● **Exercise instructions**
Find the line below with "在学校开展党纪学习教育中,3". Print it and every line after it exactly, through the last line, leaving out the pictures.

(Items from a data source)
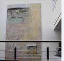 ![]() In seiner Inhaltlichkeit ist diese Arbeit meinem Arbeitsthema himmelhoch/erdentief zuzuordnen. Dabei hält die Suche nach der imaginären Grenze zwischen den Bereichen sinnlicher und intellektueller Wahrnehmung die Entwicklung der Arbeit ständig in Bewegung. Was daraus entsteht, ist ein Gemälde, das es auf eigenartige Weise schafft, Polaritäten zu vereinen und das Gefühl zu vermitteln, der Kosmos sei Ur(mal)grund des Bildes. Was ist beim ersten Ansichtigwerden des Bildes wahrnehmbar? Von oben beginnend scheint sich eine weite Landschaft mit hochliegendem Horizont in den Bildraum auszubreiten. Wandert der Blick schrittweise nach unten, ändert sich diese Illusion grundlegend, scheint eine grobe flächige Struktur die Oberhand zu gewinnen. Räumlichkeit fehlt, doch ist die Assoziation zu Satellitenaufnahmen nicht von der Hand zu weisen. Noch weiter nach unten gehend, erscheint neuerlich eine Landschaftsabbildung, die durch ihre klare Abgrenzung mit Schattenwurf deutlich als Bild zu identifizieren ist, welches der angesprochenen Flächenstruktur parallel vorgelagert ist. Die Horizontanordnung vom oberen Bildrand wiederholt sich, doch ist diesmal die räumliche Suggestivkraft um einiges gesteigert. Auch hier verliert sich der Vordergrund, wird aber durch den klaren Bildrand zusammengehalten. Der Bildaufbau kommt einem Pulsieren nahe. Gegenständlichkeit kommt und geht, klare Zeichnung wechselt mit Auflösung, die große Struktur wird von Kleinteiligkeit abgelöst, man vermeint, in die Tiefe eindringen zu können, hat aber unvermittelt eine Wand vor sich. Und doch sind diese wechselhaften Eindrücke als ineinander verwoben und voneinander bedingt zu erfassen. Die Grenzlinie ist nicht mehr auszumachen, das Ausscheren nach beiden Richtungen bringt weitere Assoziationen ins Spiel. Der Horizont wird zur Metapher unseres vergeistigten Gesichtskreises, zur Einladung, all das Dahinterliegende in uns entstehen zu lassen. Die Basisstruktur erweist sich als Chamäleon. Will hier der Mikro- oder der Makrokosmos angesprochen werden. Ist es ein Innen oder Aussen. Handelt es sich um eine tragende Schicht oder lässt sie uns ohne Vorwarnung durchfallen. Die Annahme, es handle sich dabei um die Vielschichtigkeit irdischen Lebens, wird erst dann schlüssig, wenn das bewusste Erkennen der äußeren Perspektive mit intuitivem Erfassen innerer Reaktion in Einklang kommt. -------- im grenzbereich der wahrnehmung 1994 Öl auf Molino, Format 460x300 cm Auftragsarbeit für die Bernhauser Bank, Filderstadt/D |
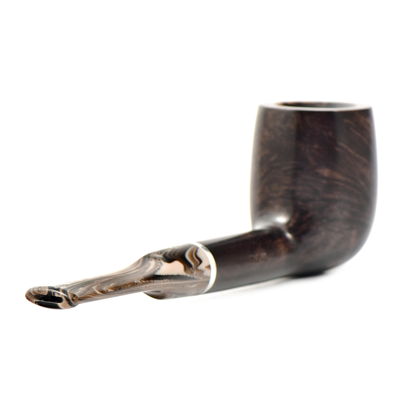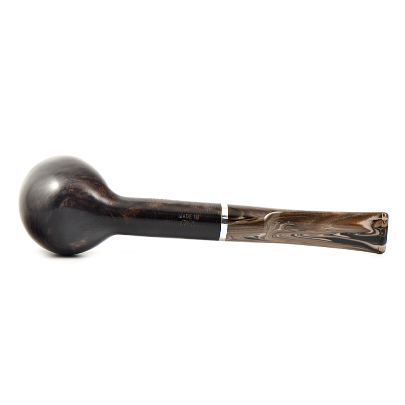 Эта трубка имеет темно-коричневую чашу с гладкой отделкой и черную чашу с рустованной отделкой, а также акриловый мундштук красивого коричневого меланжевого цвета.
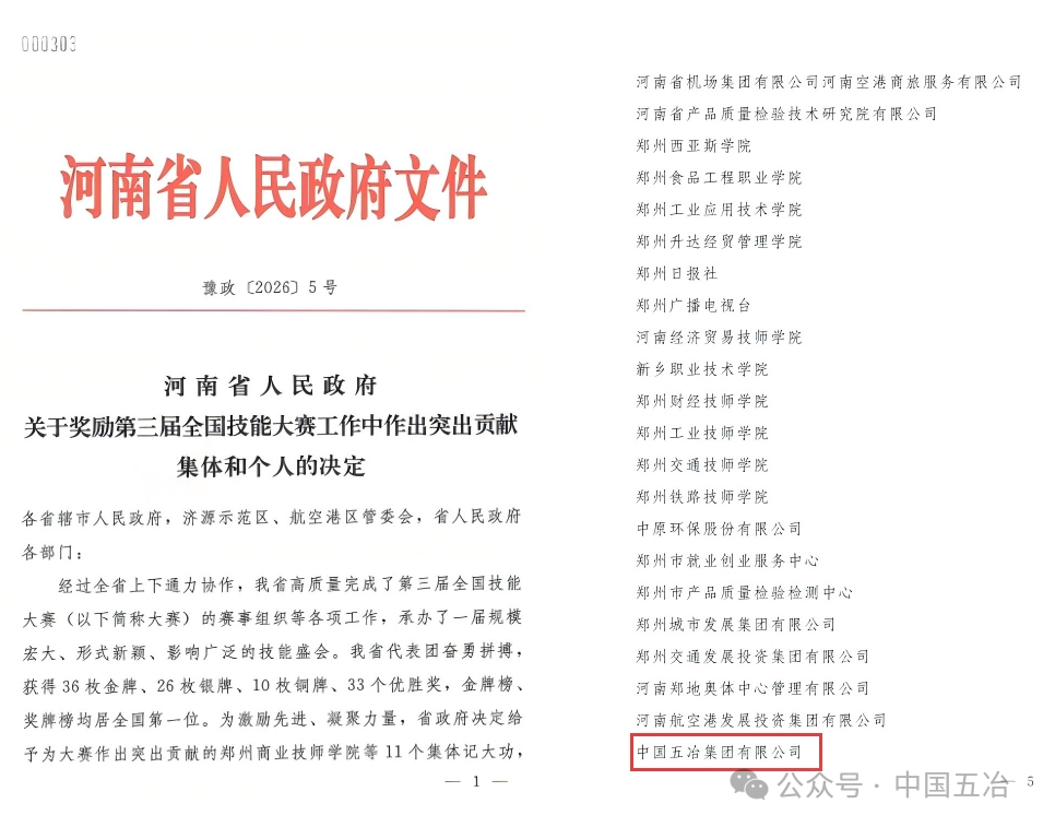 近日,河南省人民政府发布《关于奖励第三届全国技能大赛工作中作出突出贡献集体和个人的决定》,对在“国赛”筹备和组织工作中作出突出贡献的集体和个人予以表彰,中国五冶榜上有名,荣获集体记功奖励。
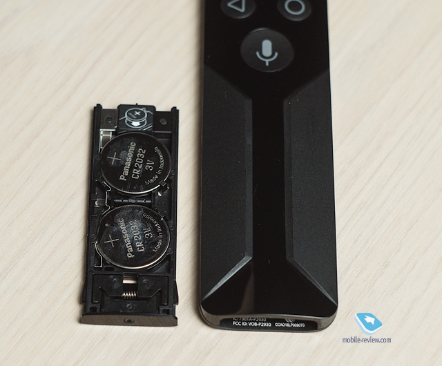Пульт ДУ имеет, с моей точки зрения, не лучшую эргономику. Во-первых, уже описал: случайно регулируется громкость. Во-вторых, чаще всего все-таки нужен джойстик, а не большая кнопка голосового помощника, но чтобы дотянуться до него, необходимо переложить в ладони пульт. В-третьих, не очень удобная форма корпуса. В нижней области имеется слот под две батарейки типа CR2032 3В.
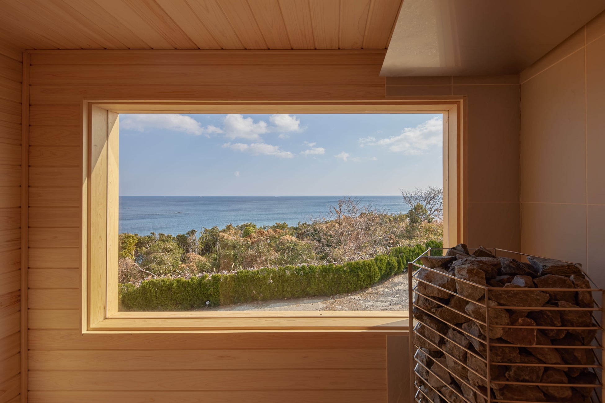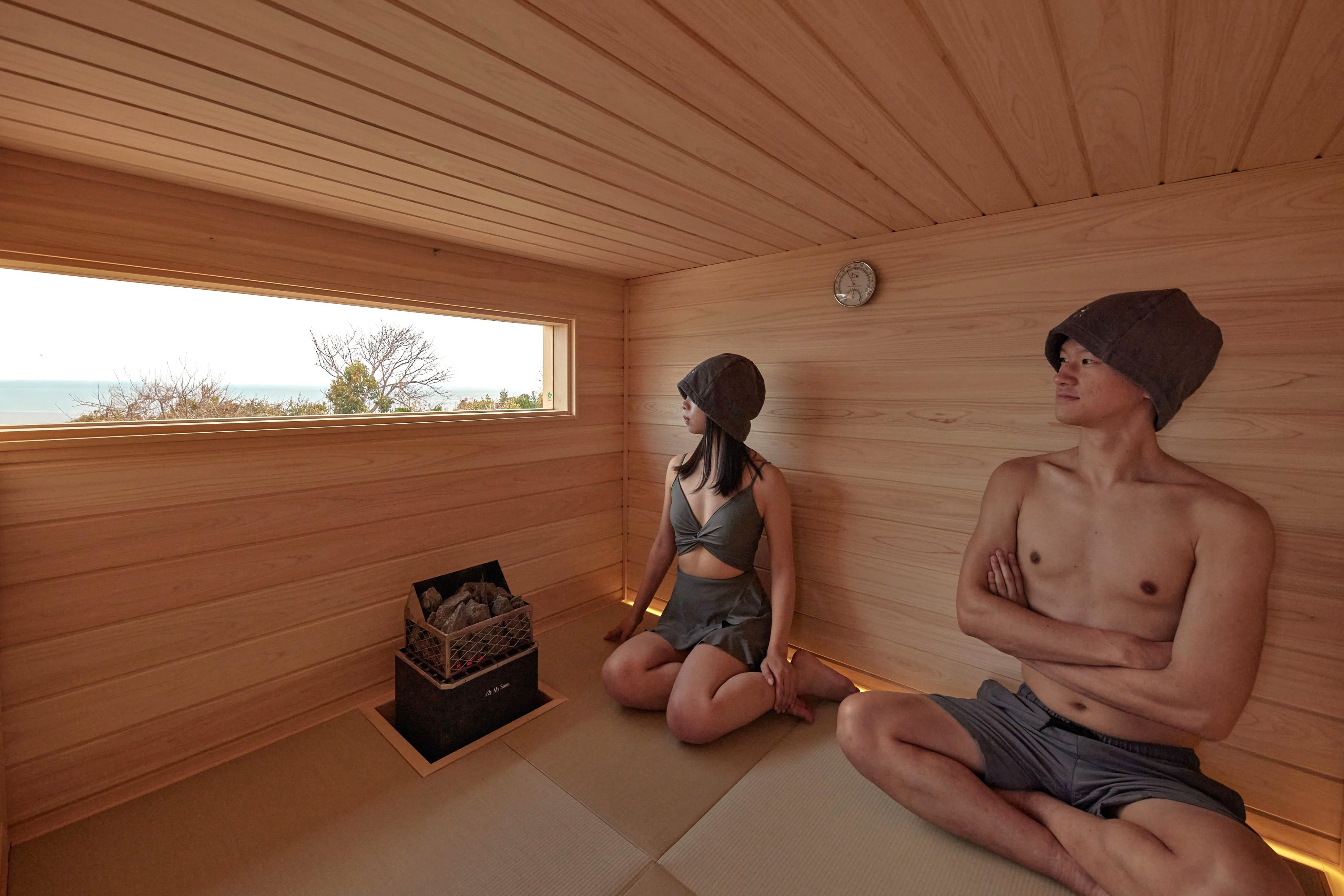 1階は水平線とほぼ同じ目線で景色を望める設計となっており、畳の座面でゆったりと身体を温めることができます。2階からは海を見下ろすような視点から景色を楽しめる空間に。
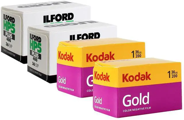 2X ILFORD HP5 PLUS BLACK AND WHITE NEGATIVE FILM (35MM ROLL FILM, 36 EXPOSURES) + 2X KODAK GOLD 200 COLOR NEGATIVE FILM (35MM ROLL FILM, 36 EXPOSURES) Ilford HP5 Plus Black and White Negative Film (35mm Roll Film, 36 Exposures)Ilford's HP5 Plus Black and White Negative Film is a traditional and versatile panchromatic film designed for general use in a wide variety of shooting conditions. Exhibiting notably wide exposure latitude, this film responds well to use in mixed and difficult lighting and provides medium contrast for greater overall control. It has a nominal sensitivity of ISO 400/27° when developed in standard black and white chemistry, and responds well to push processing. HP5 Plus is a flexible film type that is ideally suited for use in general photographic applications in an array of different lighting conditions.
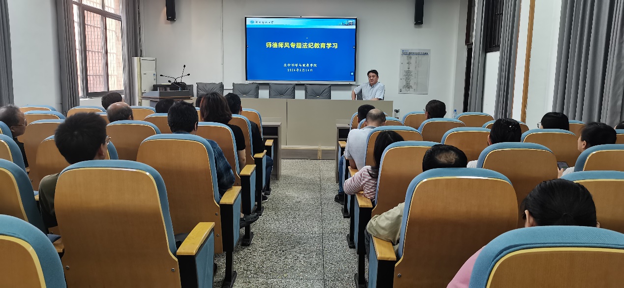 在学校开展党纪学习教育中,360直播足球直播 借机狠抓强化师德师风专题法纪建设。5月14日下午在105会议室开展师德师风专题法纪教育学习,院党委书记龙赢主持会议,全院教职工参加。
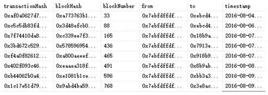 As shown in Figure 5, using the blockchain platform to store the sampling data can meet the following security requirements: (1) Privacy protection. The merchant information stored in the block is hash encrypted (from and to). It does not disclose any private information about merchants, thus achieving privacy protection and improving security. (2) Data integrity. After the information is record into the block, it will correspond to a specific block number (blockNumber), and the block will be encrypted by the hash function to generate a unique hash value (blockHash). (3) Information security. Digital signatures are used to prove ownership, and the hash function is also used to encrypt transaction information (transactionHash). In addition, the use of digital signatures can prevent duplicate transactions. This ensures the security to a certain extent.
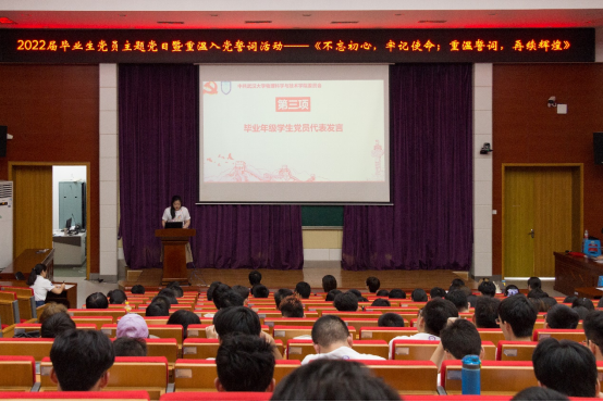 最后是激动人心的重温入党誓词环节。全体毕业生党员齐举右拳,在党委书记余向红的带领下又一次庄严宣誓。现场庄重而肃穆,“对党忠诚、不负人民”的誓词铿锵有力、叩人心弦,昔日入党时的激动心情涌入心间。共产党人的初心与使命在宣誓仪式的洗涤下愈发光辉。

● **Result of the task**
 在学校开展党纪学习教育中,360直播足球直播 借机狠抓强化师德师风专题法纪建设。5月14日下午在105会议室开展师德师风专题法纪教育学习,院党委书记龙赢主持会议,全院教职工参加。
 As shown in Figure 5, using the blockchain platform to store the sampling data can meet the following security requirements: (1) Privacy protection. The merchant information stored in the block is hash encrypted (from and to). It does not disclose any private information about merchants, thus achieving privacy protection and improving security. (2) Data integrity. After the information is record into the block, it will correspond to a specific block number (blockNumber), and the block will be encrypted by the hash function to generate a unique hash value (blockHash). (3) Information security. Digital signatures are used to prove ownership, and the hash function is also used to encrypt transaction information (transactionHash). In addition, the use of digital signatures can prevent duplicate transactions. This ensures the security to a certain extent.
 最后是激动人心的重温入党誓词环节。全体毕业生党员齐举右拳,在党委书记余向红的带领下又一次庄严宣誓。现场庄重而肃穆,“对党忠诚、不负人民”的誓词铿锵有力、叩人心弦,昔日入党时的激动心情涌入心间。共产党人的初心与使命在宣誓仪式的洗涤下愈发光辉。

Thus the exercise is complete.